▶ [Exercise aim]:
Repeat exactly the line with "Adorable black and" and each line after it to the end of the data below; pictures stay out.

▶ [Supplied data]:
§

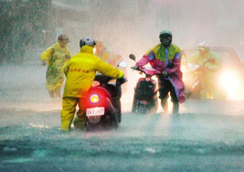 大高雄平地地区19日上午除了风势稍强外,雨量不大,许多民众还笑称“赚到一天台风假”;没想到下午风云变色,下午2时起,突然降下每小时超过100毫米的超大豪雨,高雄市三民、左营、楠梓区及高县仁武、大社、桥头、美浓等乡镇都遭遇暴雨袭击。
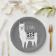 Adorable black and white llama themed baby shower paper plates with a neutral grey background colour.
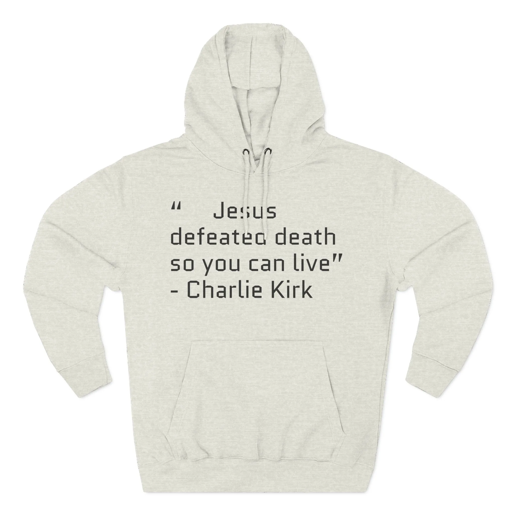 Charlie Kirk Memories – Inspirational Unisex Hoodie: ‘Jesus Defeated Death’ Quote, Christian Faith Merchandise, Gift for Believers, Religious Apparel Casual Classic
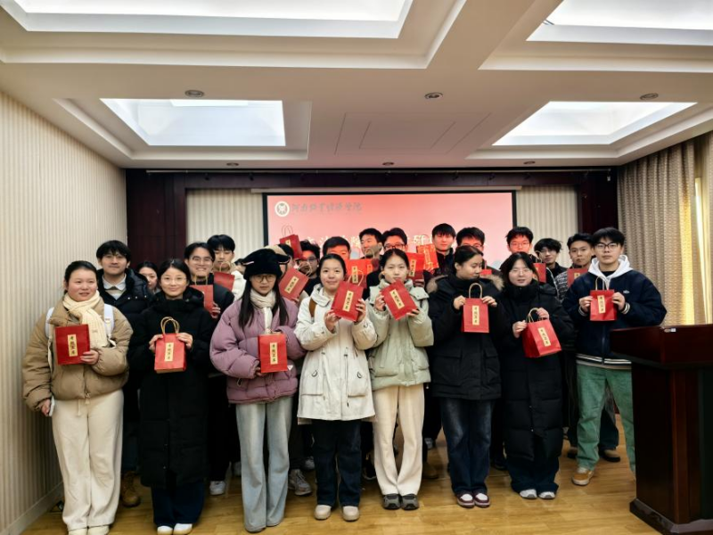 随后,党委副书记买菁菁,团委副书记付慧婕、王兆北以及各位辅导员纷纷行动起来,将一份份精心准备的考研礼包分发到同学们手中。礼包虽小,却心意满满,里面装着能在寒冷冬日为学子们送去温暖的暖贴、寓意着旗开“德”胜的德芙巧克力、承载着老师同学们殷切祝愿的手写祝福卡、方便使用的纸巾、还有象征着对大家考研成功美好祝愿的祝福挂件。

§

▶ [Solved problem]:
 Adorable black and white llama themed baby shower paper plates with a neutral grey background colour.
 Charlie Kirk Memories – Inspirational Unisex Hoodie: ‘Jesus Defeated Death’ Quote, Christian Faith Merchandise, Gift for Believers, Religious Apparel Casual Classic
 随后,党委副书记买菁菁,团委副书记付慧婕、王兆北以及各位辅导员纷纷行动起来,将一份份精心准备的考研礼包分发到同学们手中。礼包虽小,却心意满满,里面装着能在寒冷冬日为学子们送去温暖的暖贴、寓意着旗开“德”胜的德芙巧克力、承载着老师同学们殷切祝愿的手写祝福卡、方便使用的纸巾、还有象征着对大家考研成功美好祝愿的祝福挂件。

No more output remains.